From Country Life, Gianina Schwanecke
There's an art to beekeeping, and it starts with pheromones - the invisible chemical scents you produce.
"Working beehives you've got to be totally relaxed," says Frank Lindsay, a man with more than half-a-century's worth of experience tending to bees.
His fascination with bees started after a childhood visit to a Havelock North honey factory. However, a failed attempt to start his own hive in which his father and brother were stung multiple times, saw him banned from keeping bees until he got older
Later working as a technician for the Post Office gave him enough time to tend to bees and he got his first hive in 1970. At its peak, Frank kept about 450 commercial hives across Wellington, Horowhenua, Ōtaki.
"Most beekeepers only have their hives within 30km radius but we had ours over a 100km radius because it's just a coastal strip.
"Wellington is known for its southerlies. When the southerlies occur during our summer and spring we don't get much honey. And in Ōtaki it's sheltered from the southerlies. So when it's bad weather here, it's good weather there ... best of both worlds."
These days he's focused on helping grow future and hobbyist beekeepers through helping tend to hives on the outskirts of Wellington, run by the Wellington Beekeepers Association.
"Generally a box of bees is around about 15-20,000 bees. In Wellington area, it's around about 30 kilos [of honey] per hive."
Bees gather pollen from trees in spring, then from pasture from December onwards, which they use to make honey.
The wider Wellington region produces a bush blend, often marked by dark orange pollen from gorse flowers, as well as the white, sugary honey made of pollen collected from pōhutukawa flowers.
"Everything that is a weed is great for bees. If you're in an area that has a bit of bush and open farmland, the bees do really well.
It all depends on how many beekeepers are around. Frank says this is the first year they've really started producing honey with many beekeepers exiting the mānuka honey industry.
"They're entering season collapse," he says. "It was a gold rush and then everybody jumped on it. Even the family businesses are hurting and they've dropped their numbers to be more sustainable."
Changes in farming practices have also influenced changes in beekeeping, with the rise of rotational grazing practices reducing the amount of clover available for bees
"We're just a Cinderella industry that sits in the background. If you're a kiwifruit or avo grower we're really important but if you're a farmer we're just providing a source of free pollination which they don't see."
Late autumn is a time for maintenance jobs like replacing frames and checking the health of the hive.
"Some of your best production hives have high [varroa] mites at the end of the summer and then they collapse."
Varroa mites are an ectoparasite which suck the blood of the bees and can lead to other viruses infecting the hive.

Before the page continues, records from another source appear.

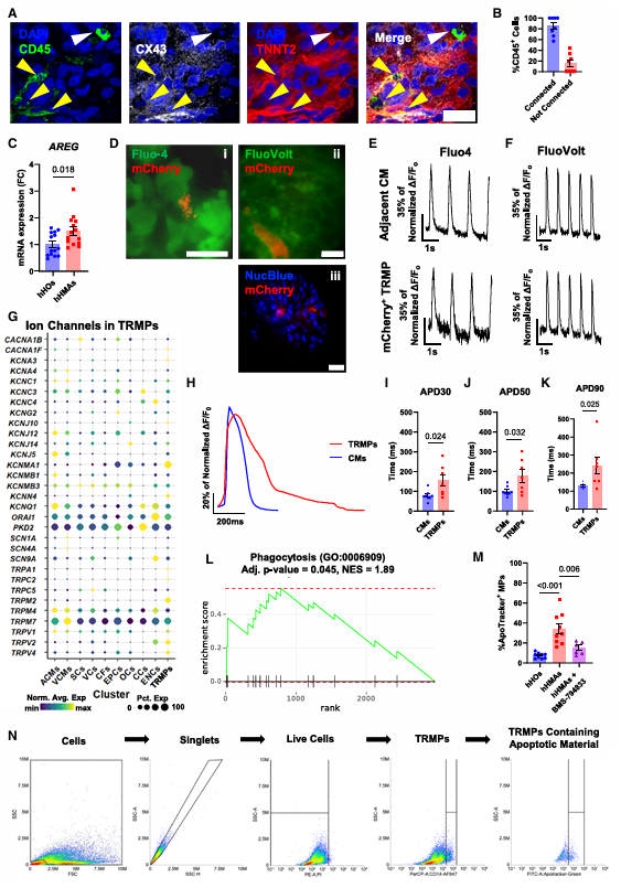 图3 心脏-巨噬细胞组装体包含功能性心脏组织驻留巨噬细胞,可与电系统偶联并执行胞葬作用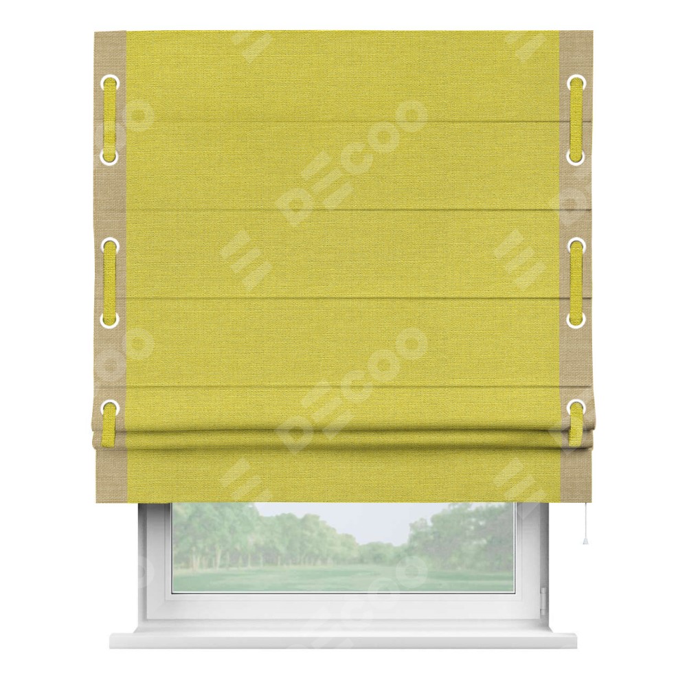 Римская штора производителя «Cortin», используется для проёма, пошита из ткани лён салатовый, артикул 53437. Отделка шторы кантом «Стрим Дуо» на кантах расположены люверсы с пояском, ткань для канта используется из льна разной расцветки на выбор. Ткань для пояска обычно используется из основной ткани шторы, а так же можно сделать из любой расцветки по желанию. Имеет универсальный механизм и подходит для монтажа: на потолок, на стену и в нишу.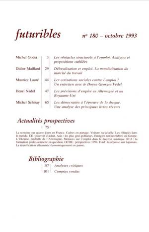 Futuribles 180, octobre 1993. Les obstacles structurels à l'emploi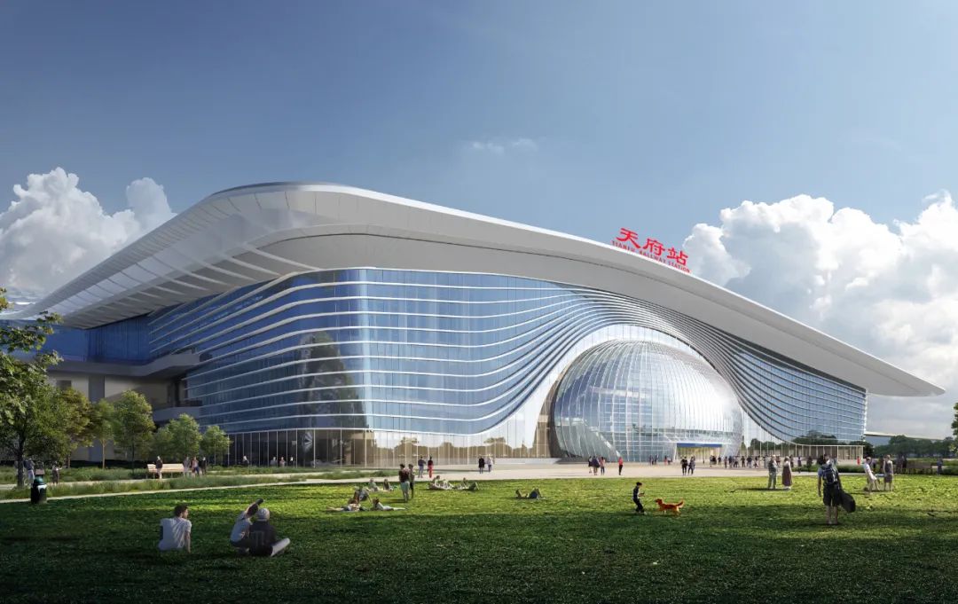 从兴隆湖出发,经科学城中路东段,往太平街道方向一路向东,大约12公里、20分钟的车程,便看到了这座四川省内面积最大的铁路站房——天府站项目。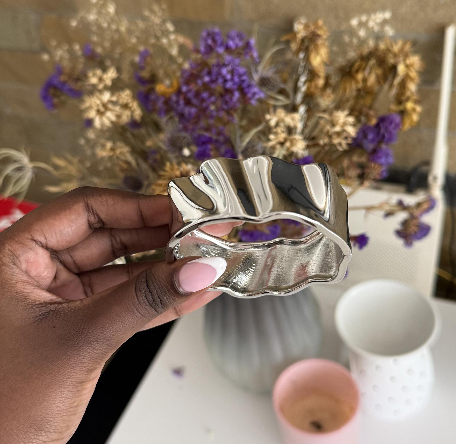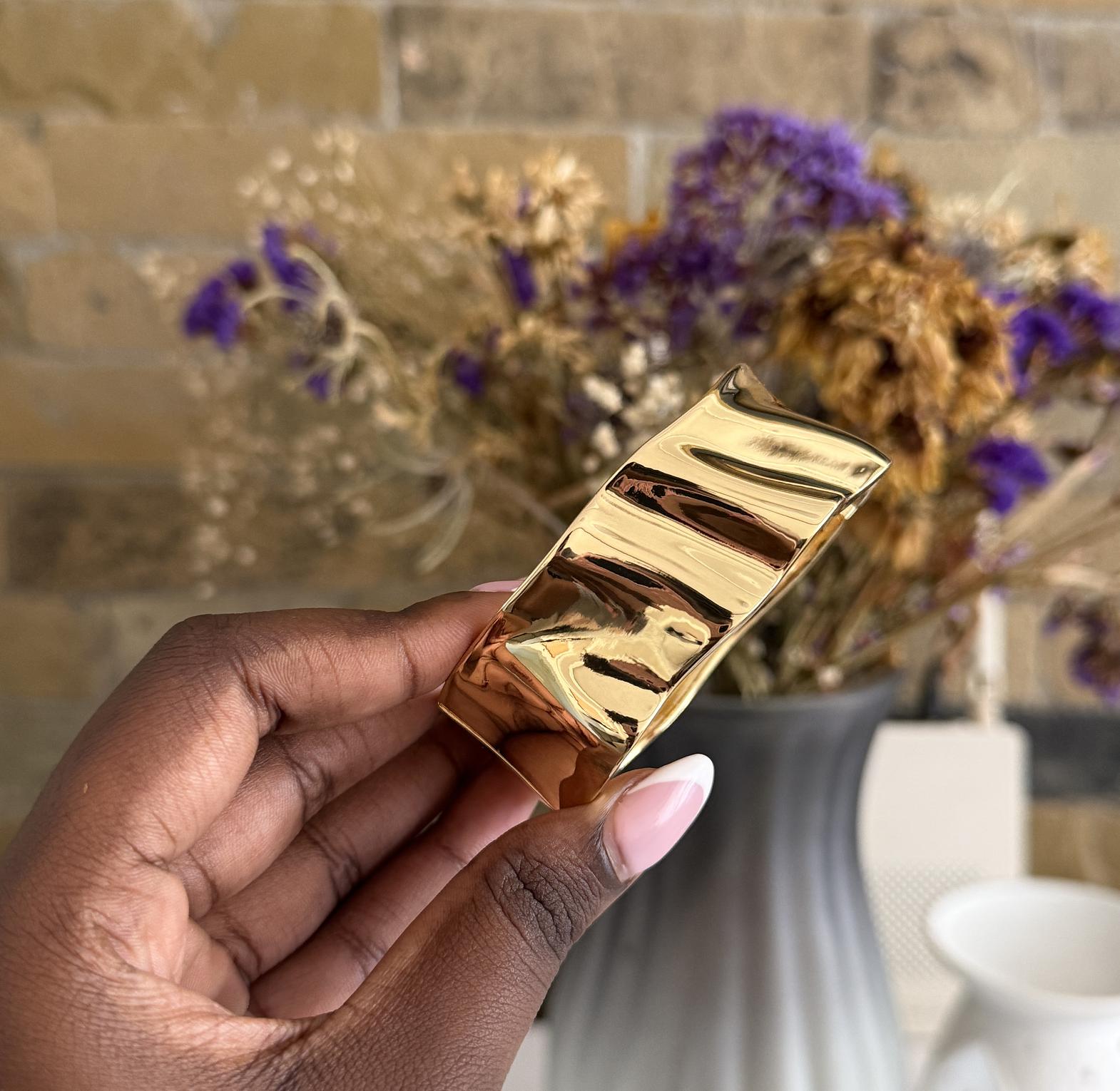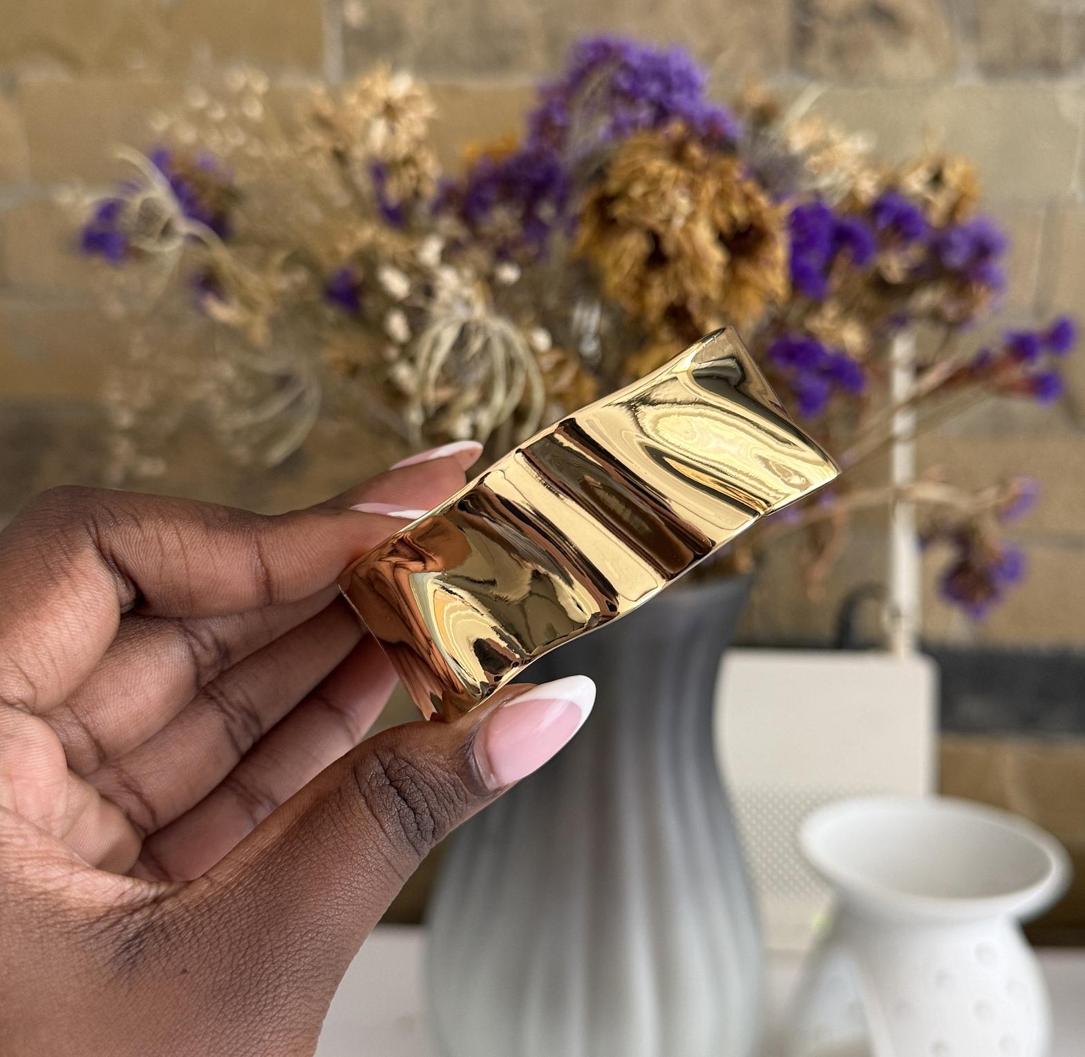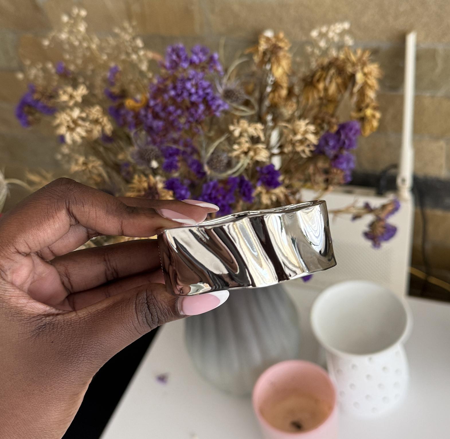 Minimalist bangle with soft light texture.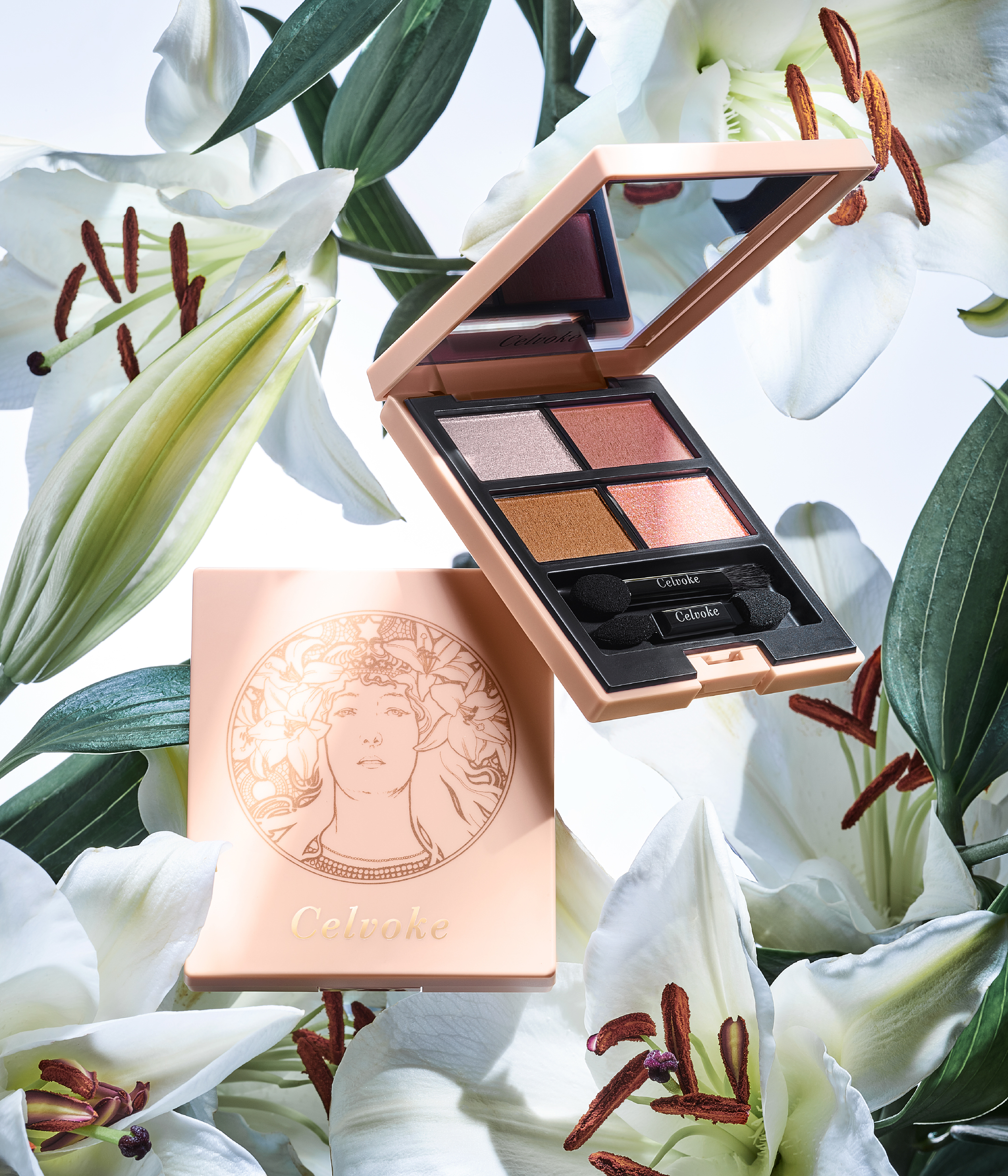 アイパレット・チーク・リップグロス。それぞれが導く女性像を彷彿とさせるミュシャの絵画をパッケージに施して、繊細で華やか、それでいて惹きつける強さを持ち合わせたコレクションが誕生しました。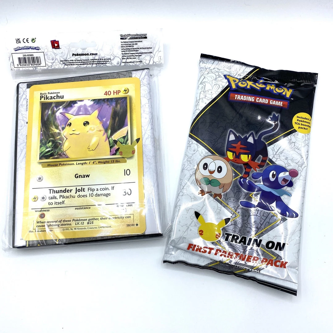 A big celebration—with gigantic Pokémon TCG cards! This Alola First Partner Pack contains a set of 3 awesome oversize cards for your Pokémon TCG collection, featuring the three first partner Pokémon of the Alola region—Rowlet, Litten, and Popplio—plus two regular Pokémon TCG booster packs! Collect your favorites, trade them, and celebrate 25 awesome years of Pokémon with the first partners who stick with you from your very first Pokémon moments!
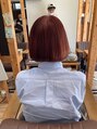 デザインカラーもともと白髪染めベースでブラウンの強いカラーをされておりましたが、今回イメージをしっかり変えたいとの事で一度ブリーチをしてからチェリーピンクのお色味をご案内させて頂きました。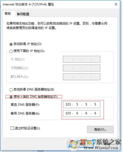④.打開頁面后勾選“使用下面的DNS服務器地址”并且填入“223.5.5.5”和“223.6.6.6
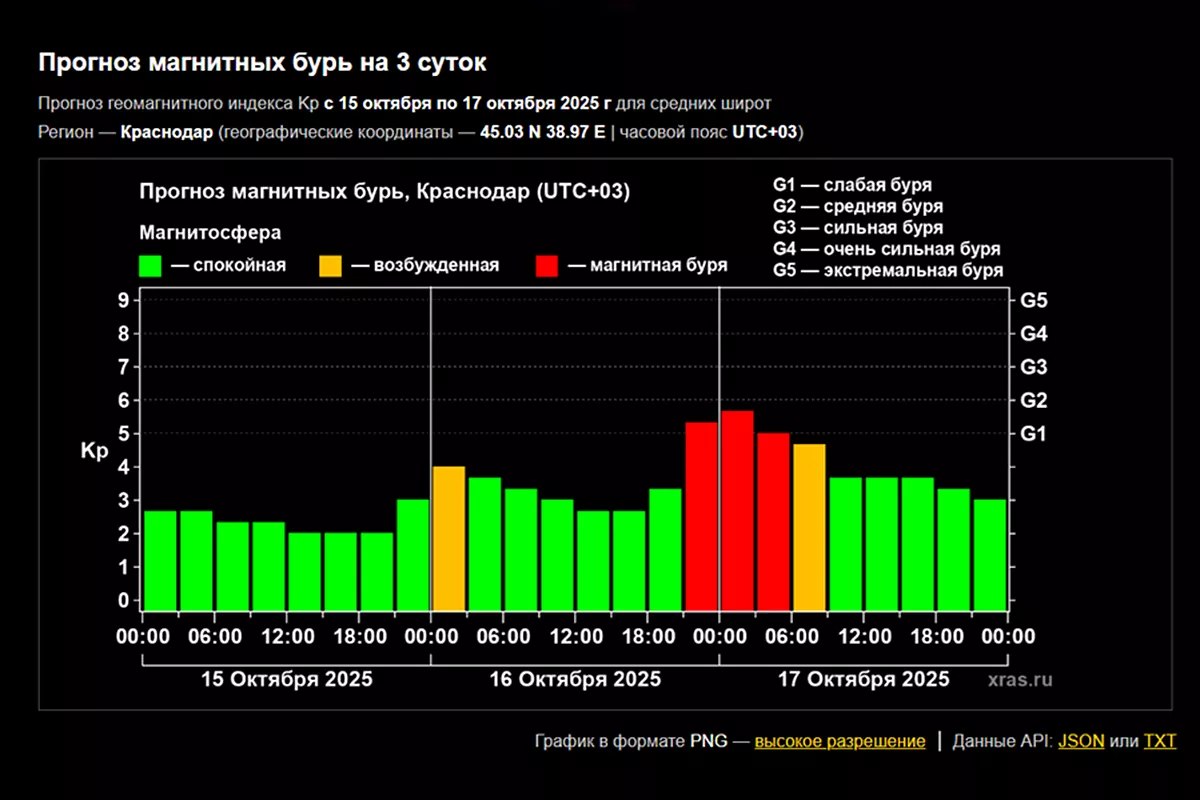 Всего в классификации магнитных бурь пять уровней - от G1 до G5. Считается, что слабая буря может спровоцировать незначительные сбои в работе энергосистем, а также повлиять на пути миграций птиц и животных. Сильные бури вызывают нарушения коротковолновой связи и работы навигационных систем, а также сбои напряжения в промышленных сетях.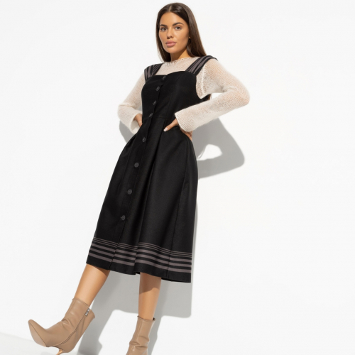 Представьте сарафан, который становится центром внимания, где бы вы ни находились. Изящный приталенный силуэт подчеркивает фигуру, а расклешенная юбка придает шарм и таинственность. Все эти элементы делают сарафан безукоризненным выбором как для офиса, так и для вечернего мероприятия. Оптовая закупка этих сарафанов — это не только инвестиция в стиль и комфорт, но и способ уверенно заявить о вашем корпоративном имидже. Застежка на пуговицах по всей длине изделия добавляет практичности, придавая сарафану незаменимость в гардеробе каждой модницы.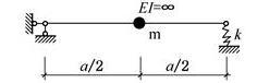 图示结构,集中质量m在刚性梁的中点,EI=∞,弹簧刚度为k,该体系自振频率为( )。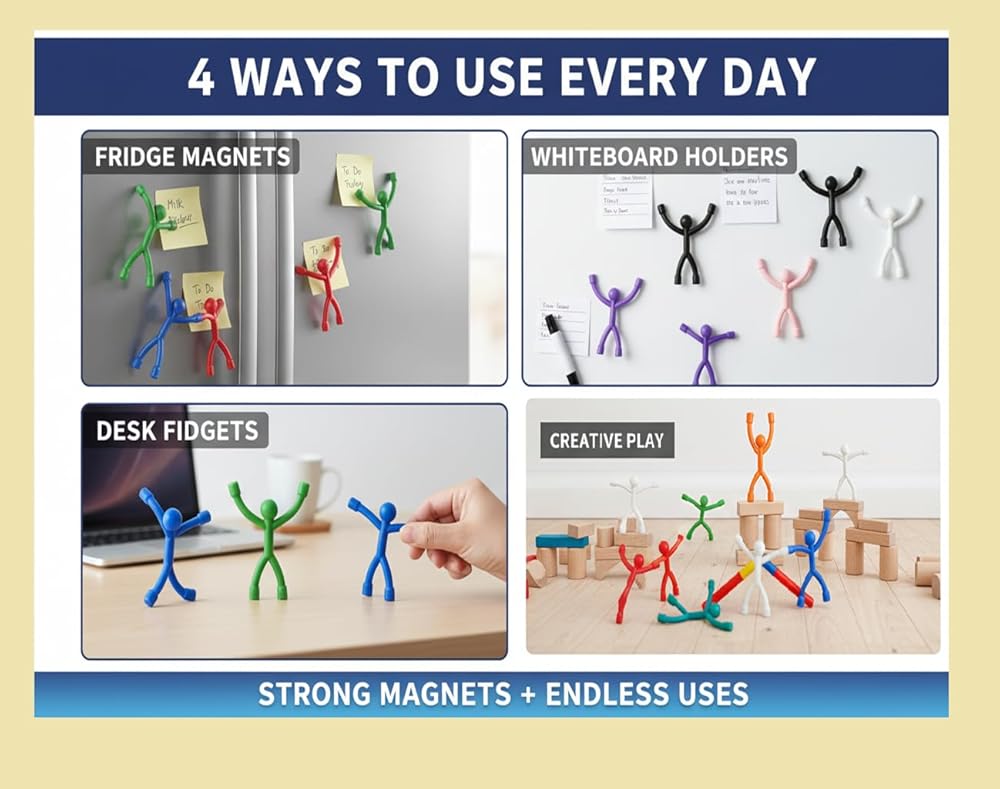 Multipurpose Magic في أي مكان: التمسك بالثلاجات أو الألواح البيضاء أو الأسطح المعدنية للمنزل أو المكتب أو الخزانة المدرسية أو ديكور المكتب - الزوجي كمغناطيات قابلة للتحصيل أو دعائم سرد القصص.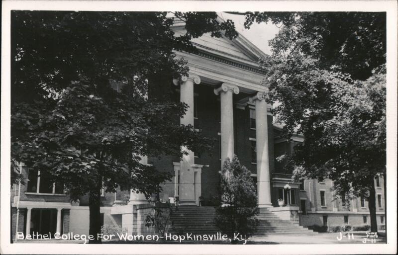 A view of the entrance to Bethel College for Women in Hopkinsville, Kentucky. Large columns and steps lead to the entrance. Trees and shrubs are visible in the foreground.

Every week Frank checks on the club's hives and photographs the mite fall, to track the number of varroa mites in the hive. He uses artificial intelligence programmes to do the counting for him
"The difference between 1 percent which is 3 mites per 100 bees and 5 percent which is 15 mites, is you only get half the honey crop."
Frank is a life member of several beeclubs, including the Wellington Beekeepers Association, the Southern North Island Beekeepers Group and National Beekeepers Association.
The Southern North Island Beekeepers Group is running it's own conference in Whanganui in August, with Australian beekeeper and scientist Randy Oliver coming to talk more about varroa mites.